Ей приспичило побыть на природе. Прошла где-то неделя с их последней встречи и, появившись, она с порога заявила, что нужно насладиться природой, почувствовать единение с ней, ощутить все очарование лучей заходящего солнца. Пришлось соглашаться. К подобным желаниям Труба относился философски. Удовлетворить порыв подобного рода для него ничего не значит, хотя энтузиазма он и не разделял. Но где-то там, глубоко он думал о том, что ее порывы откроют ему новый мир, что она поможет ему научиться видеть прекрасное в вещах обыденных. Открыть глаза, увидеть, прислушаться. Может он на это даже надеялся. Ворчать при этом ему никто не запрещал. Законы жанра.

– Если тебя укусит клещ – помни что это была твоя идея.

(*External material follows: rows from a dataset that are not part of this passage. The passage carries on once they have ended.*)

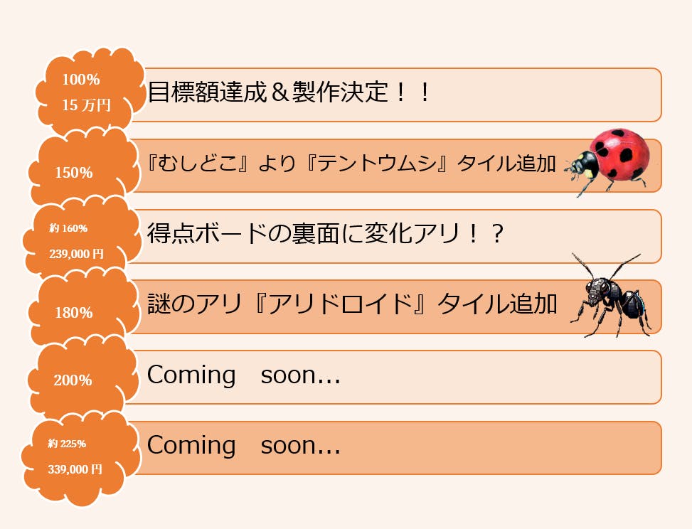 今回、早期の達成のおかげで、当初予定していたよりも多くのグレードアップが望めそうです。そのため、当初予定していたストレッチゴールよりも達成額のハードルを下げさせていただき、可能な限り多くの追加要素を加えることにしました。上記以外にも追加タイルの予定をしておりますので、ぜひ応援をお願いいたします。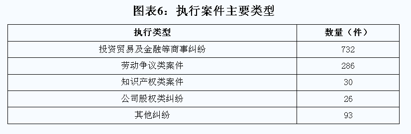 2.基本特点。(1)合同类纠纷所占比重最大。在上海自贸区积极促进投资贸易、商事交易、行业培养等背景下,各类市场主体的市场交易行为更加频繁,由此引发的投资贸易、金融相关的商事合同类纠纷相关执行呈现快速上升的态势。在涉自贸区执行案件中,此类案件多达732件,占比达62.7%。(2)劳动争议类案件上升迅速。自去年以来,受国际和国内经济形势下滑影响,自贸区内部分经营单位的经营形势、财务状况出现问题,降薪、裁员、甚至关门倒闭情况出现上升势头,由此引发的劳动争议类案件数量较上年度有较大幅度增长,总计286件,占比24.5%。(3)执行案件类型更加多元。经过近两年的发展,自贸区社会经济发展更加活跃,涉及的纠纷类型更加多元。从执行情况来看,涉及公司的破产清算、股东确权、股权转让纠纷案件、涉网络侵权案件等新型案件有较快增长,给执行工作带来新的挑战。(4)采取限制高消费和信用惩戒措施效果显著。对被执行人采取限制高消费和予以信用惩戒措施累计967人次,占执行案件总量的82.9%,大部分被执行人在被限制高消费和列入失信名单后能主动联系法院积极履行法律义务,执行效果显著。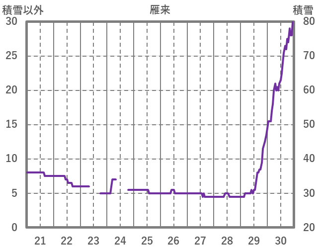 | 日 | 時 | 気温 | 降水 | 風向/風速 | 日照 | 積雪 | 降雪 |

Они сидели на большом холме, под ногами простиралась такая же холмистая местность. Трава, озера, деревья. А вдалеке, очень далеко, угадывались очертания города. Они были будто в дымке, хотя погода стояла прекрасная. Расстелив покрывало, они уселись и смотрели вдаль. Были какие-то закуски, вода. Именно сегодня он увидел на ее лице самую искреннюю улыбку со времени их знакомства. Вглядываясь, она будто уносилась куда-то, превращаясь в бабочку, порхала, получая удовольствие от каждой проведенной секунды. Труба находил в этом прекрасное и для себя. Смотреть на нее, наслаждаться ее удовольствием, этого было вполне достаточно. Увлекшись описанием того, сколь сильно она очарована, подкрепила это все крепким словцом.

– Твой родной язык лучше подходит для описания таких вещей.

– Ты же знаешь, что я не француженка. – Даже в этом укоризненном взгляде была какая-то легкость, будто все ее проблемы вдруг улетели, подхваченные легким ветром.

– Тем не менее это не мешает мне тебя подкалывать. Да и псевдоним у тебя, извините, однозначный.

– Дурак.

– Может и дурак. Но только для тебя.

Она талантливо не обратило внимания на последние слова и вновь засмотрелась на что-то на горизонте. Темнело и город вдалеке медленно зажигал огни. Превращался в то, что уже Труба считал по-настоящему красивым. Холод пришел резко. Уже подошедшая к концу весна может сколько угодно радовать тебя теплым солнцем но если ты не расторопный, она с удовольствием напомнит тебе, что она тем не менее не лето. Будто не просто так только слово лето имеет мужской род. Прямое и понятное. От него всегда знаешь чего ожидать. Сюрпризов нет. Весна, зима и осень – слова женского рода. Капризы погоды, перемены, неожиданности и сюрпризы. Да, предки знали толк.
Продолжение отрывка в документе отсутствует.